I’m reading a few books about domestic violence. And one of the books I’m really interested in right now and reading is Rachel Louise Snyder’s book; it’s called No Visible Bruises; it was a bestseller. I’m just getting to it now. But it’s a terrific expose about how intimate partner violence, which is so pervasive in the US, is not really considered a crime, for one thing; and that the criminal legal responses to intimate partner violence are really in need of another look. And so I’m very intrigued by that. I don’t know where I’ll end up with it. But I think it’s been a refreshing look for me about how people engage with the criminal justice system.

Josh Hoe

I always ask the same last question, what did I mess up? What questions should I have asked but did not?

Ashley Nellis

I think you’ve covered a lot of territory; I hope listeners will be interested in this issue.

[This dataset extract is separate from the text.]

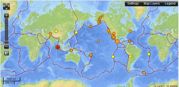 แผ่นที่แสดงการเกิดแผ่นดินไหวตามจุดต่างๆ ทั่วโลก เมื่อวันที่ 12 เม.ย.55 จากเว็บไซต์องค์การสำรวจทางธรณีวิทยาสหรัฐฯ (USGS)

I mean, lifers are a substantial part of our prison population now – 15%. And I think the more that we can expose that feature of our prisons, the better off we’ll be in terms of a movement, in terms of advocacy, and just in terms of a society that has a criminal justice system that’s really effective.

Josh Hoe

And how can people find your new report? I’ll link it in the show notes too.

Ashley Nellis

Yeah, so going to our website, it’s actually on the landing page of our website right now, so your people are welcome to go there. Also, please visit our campaign website, which is the Campaign to End Life Imprisonment, and that is www.endlifeimprisonment.org.

Josh Hoe

Well, thanks so much for doing this. I really appreciate you taking the time.

Ashley Nellis

You bet. All right, have a good rest of your day. Thanks so much.

Josh Hoe

Okay, thank you so much.

And now my take.

So often I hear people talking about creating relief for people with low-level crimes, or for people who are in prison for say marijuana, or for people with, you know, so-called non-violent crimes. And of course, we should find relief for those people, we absolutely should. But the truth is that you cannot meaningfully reduce mass incarceration in the United States without creating meaningful relief for people with sentences for violent crimes, with life sentences, with virtual life sentences, and with life without parole sentences. If you got rid of all the low-level folks in our prisons, if you got rid of them today, we would still have mass incarceration; we would still have the largest system of incarceration on planet Earth. To create meaningful change we will have to really interrogate our own thinking about punishment; we will have to redefine everything we’re doing with our laws; we’ll have to find common cause with our brothers and sisters serving long and indeterminate sentences. And we’ll have to rediscover that place in our hearts that has been turned cold by 50 years of tough-on crime, the war on drugs, and racial disparity. We will have to reverse our commitment to brutality; refuse to govern based on the worst possible case scenarios and only by our fears; and start to believe in true healing, in forgiveness, and in restorative justice. We have to start believing in a world where everyone is capable of change, we have to do this, we cannot continue to just throw people away in black boxes for decade after decade after decade. It is time for a true societal commitment to systemic and meaningful change.